Marvin suggested I paint black spots on Edsel and give HIM to the firemen for saving my life the other day. Now, see? That's why Marvin makes the big dollars. Allllways thinking.
What a valuable asset to a fire Edsel would be. "Oh! Oh Edzul God! Oh no! Edzul flap paws uselisslee! Maybe we play wif Edzul blue toy now?"
No one has Dalmatians anymore. Why is that? My grandfather had them. Somewhere there's a picture of one of their Dalmatians lying on the couch, and me using it as a pillow so I can read. The dog looks all, "Okay, I DO this because I know you kick my spotted ass to curb otherwise, but NOT HAPPY ABOUT IT."
Do you like how my story has progressed to the firemen saved my life? Who can take a nothing story and suddenly make it all seem worthwhile? Well, it's me girl and you should know it.

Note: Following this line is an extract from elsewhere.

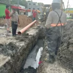 En la Avenida 2 de Mayo de la colonia Nuevo Tampico, personal técnico especializado efectúa el cambio de una línea de drenaje de 10 pulgadas que se encuentra dañada, desarrollando labores similares en la calle Miguel Hidalgo de la colonia Lázaro Cárdenas, donde también se sustituyó importante tramo de tubería del mismo diámetro que estaba averiada.

Speaking of old TV shows, AND I JUST WAS, stop being so young, I was next to a woman at work who had one of those commuter mugs, and it had a giant cursive L on it. "Oh, are you Laverne DeFazio?" I asked her, loving my own self as per usual. Loving me is easy cause I'm beautiful.
"?" said the poor girl sitting next to me, who just wanted to learn about our sign-up process for health insurance this year.
"Laverne. Laverne on Laverne and Shirley. How she always had the L-- Oh my God. Oh Edsel God. You're too young to know who that is."
It had not occurred to me until that moment that anyone would NOT know the ins and outs of Laverne and Shirley's lives. I mean, I refer to them so often. Basement apartments, obnoxious neighbors, boyfriends who go from rags to riches, milk and Pepsi. There are so many reasons to think about Laverne and Shirley. And now there are legions of actual adults with actual jobs NOT KNOWING WHO THEY ARE. It's like I'm Ethel Mertz talking about my days in vaudeville.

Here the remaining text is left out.